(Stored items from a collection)
== Segment start ==

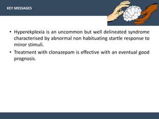 As síndromes de sobressalto anormais são classificadas em hiperecplexia, induzidas por estímulos e síndromes de sobressalto neuropsiquiátricos. A hiperecplexia é atribuída a uma causa genética, idiopática ou sintomática. A hiperecplexia hereditária é um distúrbio neurogenético tratável. Em pacientes com uma resposta de sobressalto hiperativa, o primeiro passo é caracterizar a extensão e as associações da ‘resposta’. Causas secundárias ou sintomáticas são particularmente importantes em crianças, pois fornecem pistas clínicas úteis para distúrbios neurodegenerativos ou de desenvolvimento neurológico subjacentes. Atenção especial deve ser dada a qualquer neonato ou lactente com rigidez generalizada ou episódica, convulsões refratárias a medicamentos, apneia recorrente, estados comportamentais sensíveis a estímulos ou síndrome de morte súbita infantil. Induzir um reflexo de retração da cabeça não habitual a batidas repetidas no nariz deve fazer parte do exame de rotina de todos os recém-nascidos. A manobra de Vigevano deve ser ensinada a todas as famílias e profissionais de saúde como uma medida de resgate de emergência. O início do sobressalto excessivo após a infância deve direcionar as investigações para uma causa adquirida, como lesão do tronco cerebral, anticorpos contra receptores de glicina e neurodegeneração. Finalmente, não se deve esquecer de avaliar casos inexplicados de marcha anormal e quedas frequentes em adultos para síndromes de sobressalto subjacentes não diagnosticadas. O clonazepam oral é uma terapia eficaz além de intervenções comportamentais e de segurança para casos hereditários. Os resultados em casos genéticos são bons em geral.
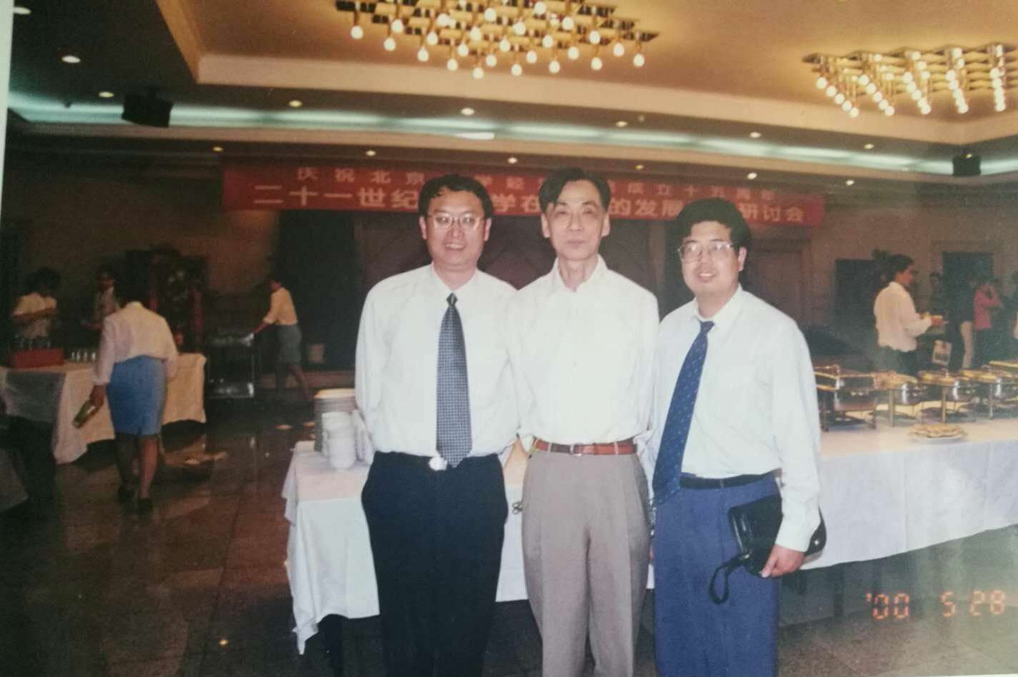 2000年,周建波教授(右一)与石世奇教授(中间)、郑学益教授(左一)在庆祝北大经济系改建为申博太阳城集团十五周年会场合影
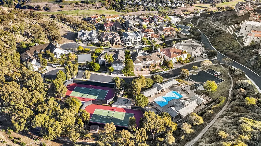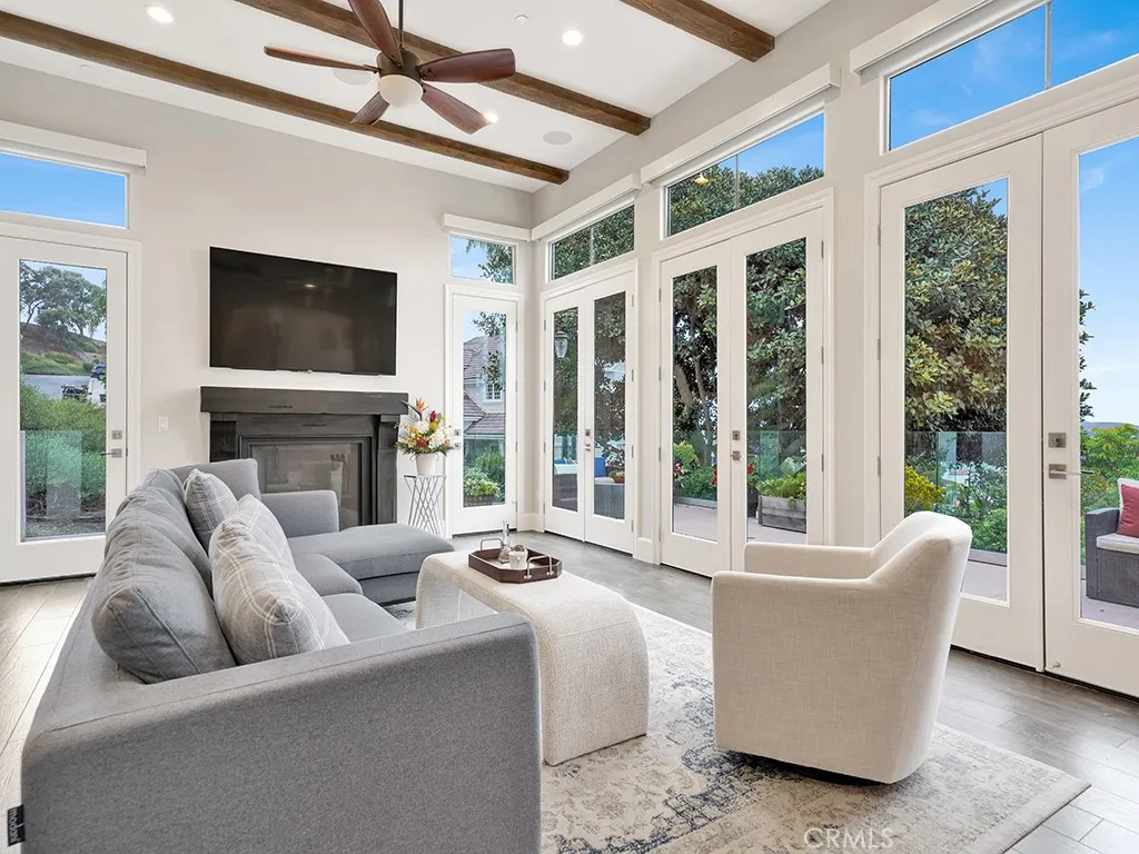 Gorgeous custom home in the exclusive guard-gated Sea Pointe Estates with 4 ensuite bedrooms, each with its own bathroom. With sweeping ocean and city-lights views from a private corner lot, this home is light and airy with soaring 12 ft ceilings accented beautifully with wooden beams throughout.The open kitchen features a Thermador range, quartz countertops, reverse osmosis water filter system, and a large walk-in pantry. The large family room opens to a beautiful outdoor patio with ocean views. Step out back to enjoy a beautiful central atrium courtyard with a built-in grill, fridge and gas fireplace - perfect for entertaining.Above the courtyard is a lovelygarden with a succulent wall that is open to the stars. Built-in surround sound can be enjoyed through most of the downstairs, courtyard, patio and in the primary bedroom. Downstairs hasa nice spacious ensuite bedroom and a guest bathroom. Upstairs you'll find a second family room, 3 bedrooms, each with an ensuite bathroom and walk-in closet, and a view deck with sweeping ocean and city views. Gorgeous sunrises greet you every morning. The expansive primary bedroom suite has its own private balcony with soaring ocean and city views. The primary bathroom has a jetted tub, a large walk-in steam shower, a reverse osmosis water filter by the sink, and a spacious walk-in his-and-her closet.The home has a whole house water softener system.The laundry is equipped with new LG washer and dryer. The 3-car garage has an epoxy floor and nice built-in cabinets, an EV outlet (for Tesla or others), and features extra tall doors and 1
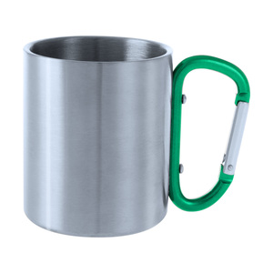 Hrnek z nerez oceli s barevnou karabinou, 200 ml. V dárkové krabičce.
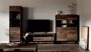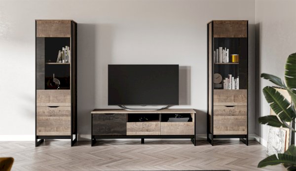 Функциональная тумба для TV и аудио аппаратуры оснащена двумя ящиками на телескопических направляющих, закрытыми и открытыми полками для хранения сопутствующих аксессуаров. Отсутствие лицевой фурнитуры подчеркивает минимализм и геометрию модуля. Особенность дизайна – это сочетание реалистичных по цвету и тактильности трендовых декоров, которые соответствуют последним городским тенденциям. «Дуб Гранж» привлекает имитацией вручную обработанного дерева и выразительной зернистой текстурой, характерной формой досок. Стильный серый цвет «Железного камня» с металлическими разводами и новая текстура состаренной штукатурки в сочетании с гладкостью металла вносят индустриальныи? колорит. Оригинальные ножки-опоры из МДФ контрастного цвета придают изюминку интерьеру.
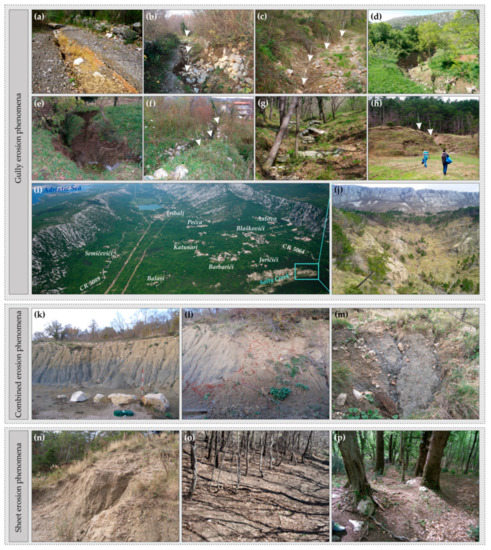 Photographs of erosion phenomena identified in the Vinodol Valley. The gully erosion phenomena formed along: (a) the local road, (b,c) pathways, (d,e) agricultural terraces, and (f) their boundaries; (g) an example of the stone check dam built to control the gully erosion; (h) a gully formed under the forest; (i) a view from the air of the central part of the Vinodol Valley, with depicted detail of the Slani Potok gully, shown in (j). (k–m) The combined erosion phenomena characterized by the small drainage network associated with colluvial deposits; (n) the sheet erosion phenomena formed in eluvial deposits, and in (o) the forest, as indicated by the exposed tree roots (p).
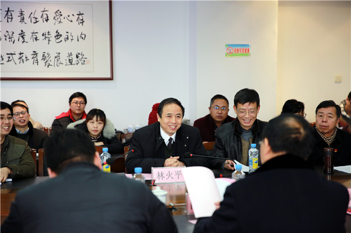 1月19日下午,市直機關工委陳皋副調研員一行3人來我校進行2017年度黨建工作現場考核和測評工作。校黨委書記林火平,校黨委委員、副校長張成斌及學校各總支書記、黨員代表共30余人參加了考核匯報及測評會。

== Segment end ==

- **WHAT IS REQUIRED**:
Extract the entries in full, exactly as they are, minus the pictures.

- **SOLUTION TO THIS EXERCISE**:
 As síndromes de sobressalto anormais são classificadas em hiperecplexia, induzidas por estímulos e síndromes de sobressalto neuropsiquiátricos. A hiperecplexia é atribuída a uma causa genética, idiopática ou sintomática. A hiperecplexia hereditária é um distúrbio neurogenético tratável. Em pacientes com uma resposta de sobressalto hiperativa, o primeiro passo é caracterizar a extensão e as associações da ‘resposta’. Causas secundárias ou sintomáticas são particularmente importantes em crianças, pois fornecem pistas clínicas úteis para distúrbios neurodegenerativos ou de desenvolvimento neurológico subjacentes. Atenção especial deve ser dada a qualquer neonato ou lactente com rigidez generalizada ou episódica, convulsões refratárias a medicamentos, apneia recorrente, estados comportamentais sensíveis a estímulos ou síndrome de morte súbita infantil. Induzir um reflexo de retração da cabeça não habitual a batidas repetidas no nariz deve fazer parte do exame de rotina de todos os recém-nascidos. A manobra de Vigevano deve ser ensinada a todas as famílias e profissionais de saúde como uma medida de resgate de emergência. O início do sobressalto excessivo após a infância deve direcionar as investigações para uma causa adquirida, como lesão do tronco cerebral, anticorpos contra receptores de glicina e neurodegeneração. Finalmente, não se deve esquecer de avaliar casos inexplicados de marcha anormal e quedas frequentes em adultos para síndromes de sobressalto subjacentes não diagnosticadas. O clonazepam oral é uma terapia eficaz além de intervenções comportamentais e de segurança para casos hereditários. Os resultados em casos genéticos são bons em geral.
 2000年,周建波教授(右一)与石世奇教授(中间)、郑学益教授(左一)在庆祝北大经济系改建为申博太阳城集团十五周年会场合影
 Gorgeous custom home in the exclusive guard-gated Sea Pointe Estates with 4 ensuite bedrooms, each with its own bathroom. With sweeping ocean and city-lights views from a private corner lot, this home is light and airy with soaring 12 ft ceilings accented beautifully with wooden beams throughout.The open kitchen features a Thermador range, quartz countertops, reverse osmosis water filter system, and a large walk-in pantry. The large family room opens to a beautiful outdoor patio with ocean views. Step out back to enjoy a beautiful central atrium courtyard with a built-in grill, fridge and gas fireplace - perfect for entertaining.Above the courtyard is a lovelygarden with a succulent wall that is open to the stars. Built-in surround sound can be enjoyed through most of the downstairs, courtyard, patio and in the primary bedroom. Downstairs hasa nice spacious ensuite bedroom and a guest bathroom. Upstairs you'll find a second family room, 3 bedrooms, each with an ensuite bathroom and walk-in closet, and a view deck with sweeping ocean and city views. Gorgeous sunrises greet you every morning. The expansive primary bedroom suite has its own private balcony with soaring ocean and city views. The primary bathroom has a jetted tub, a large walk-in steam shower, a reverse osmosis water filter by the sink, and a spacious walk-in his-and-her closet.The home has a whole house water softener system.The laundry is equipped with new LG washer and dryer. The 3-car garage has an epoxy floor and nice built-in cabinets, an EV outlet (for Tesla or others), and features extra tall doors and 1
 Hrnek z nerez oceli s barevnou karabinou, 200 ml. V dárkové krabičce.
 Функциональная тумба для TV и аудио аппаратуры оснащена двумя ящиками на телескопических направляющих, закрытыми и открытыми полками для хранения сопутствующих аксессуаров. Отсутствие лицевой фурнитуры подчеркивает минимализм и геометрию модуля. Особенность дизайна – это сочетание реалистичных по цвету и тактильности трендовых декоров, которые соответствуют последним городским тенденциям. «Дуб Гранж» привлекает имитацией вручную обработанного дерева и выразительной зернистой текстурой, характерной формой досок. Стильный серый цвет «Железного камня» с металлическими разводами и новая текстура состаренной штукатурки в сочетании с гладкостью металла вносят индустриальныи? колорит. Оригинальные ножки-опоры из МДФ контрастного цвета придают изюминку интерьеру.
 Photographs of erosion phenomena identified in the Vinodol Valley. The gully erosion phenomena formed along: (a) the local road, (b,c) pathways, (d,e) agricultural terraces, and (f) their boundaries; (g) an example of the stone check dam built to control the gully erosion; (h) a gully formed under the forest; (i) a view from the air of the central part of the Vinodol Valley, with depicted detail of the Slani Potok gully, shown in (j). (k–m) The combined erosion phenomena characterized by the small drainage network associated with colluvial deposits; (n) the sheet erosion phenomena formed in eluvial deposits, and in (o) the forest, as indicated by the exposed tree roots (p).
 1月19日下午,市直機關工委陳皋副調研員一行3人來我校進行2017年度黨建工作現場考核和測評工作。校黨委書記林火平,校黨委委員、副校長張成斌及學校各總支書記、黨員代表共30余人參加了考核匯報及測評會。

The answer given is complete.